Concernant les vols long-courriers, le pavillon français occupe une très bonne place, surtout vers l'Amérique Latine et l'Afrique hors Maghreb. Sa part de marché atteint un niveau maximum en 2013, respectivement 89,2 % et 79,6 % des passagers transportés. En revanche l'arrivée des compagnies du Golfe est à l'origine de pertes conséquentes de parts de marché vers le Moyen-Orient et l'Asie du sud-est . En 2012, 78 % des passagers transportés vers les Émirats Arabes Unis et le Qatar (via Emirates, Etihad ou Qatar Airways) étaient destinés à du trafic de correspondance, principalement vers l'Asie. Ce phénomène empêche le pavillon français de bénéficier pleinement du dynamisme de la demande entre la France et l'Asie .

Pour faire face à ces difficultés, certains ont décidé d'allier leurs forces dans le cadre de contrats de partenariat (notamment Corsair et Air Caraïbes depuis 2012 sur l'ensemble de leurs liaisons long-courriers) ou sous forme capitalistique , avec la création de HOP et Transavia France au sein du groupe Air France. Dans le même temps, la création de nouvelles compagnies reste un évènement exceptionnel : en métropole, seul le transporteur DreamJet est apparu. Cette compagnie a vu le jour, sur un marché de niche, celui des vols Paris - New York, exploité à l'aide d'un seul appareil intégralement équipé en classe affaires.

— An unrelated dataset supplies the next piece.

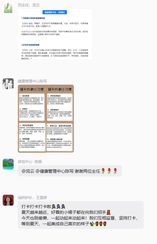 活动期间,护理部主任刘世云与健康管理中心主任陈写不定期在健康运动打卡群中分享活动方案和营养食谱,为大家提供科学指导与持续激励。群内互动热烈,大家互相鼓励、交流心得,健康减重氛围浓厚。

Les derniers résultats publiés, sur un périmètre incluant les transporteurs ayant un chiffre d'affaires supérieur à 50 M€ et excluant le groupe Air France, montrent une baisse du chiffre d'affaires cumulé en 2013 de 2,5 %, conséquence des nombreux ajustements en cours. Les pertes sur la même période sont divisées par deux, à 59 M€ contre 113 M€ un an plus tôt, et la marge d'exploitation passe de -5,0 % à -2,6 %.

En ce qui concerne l'activité fret, elle est largement dominée par deux compagnies , Air France qui a transporté plus de 500 000 tonnes de fret en France en 2013 (un tiers du total et plus de 80 % du fret transporté par des compagnies françaises) et Fedex qui a transporté plus de 400 000 tonnes de fret. La troisième compagnie de fret est European Air transport qui transporte du fret pour DHL et a transporté 84 000 tonnes de fret en 2013 11 ( * ) . Fedex domine largement le marché domestique et vers l'Union européenne . En revanche les autres flux, hormis le Moyen Orient (où se concentre tout le trafic d'Emirates et où Fedex est majoritaire) et le Maghreb (où European Air Transport est majoritaire), sont à l'avantage d'Air France.


* 11 On notera également qu'Emirates, 6ème compagnie en termes de fret transporté (39 000 tonnes, 2,3 % du fret total), est la deuxième compagnie derrière Air France parmi les compagnies à transporter aussi des passagers, introduisant, du fait de ses capacités considérables en soute, une nouvelle forme de concurrence.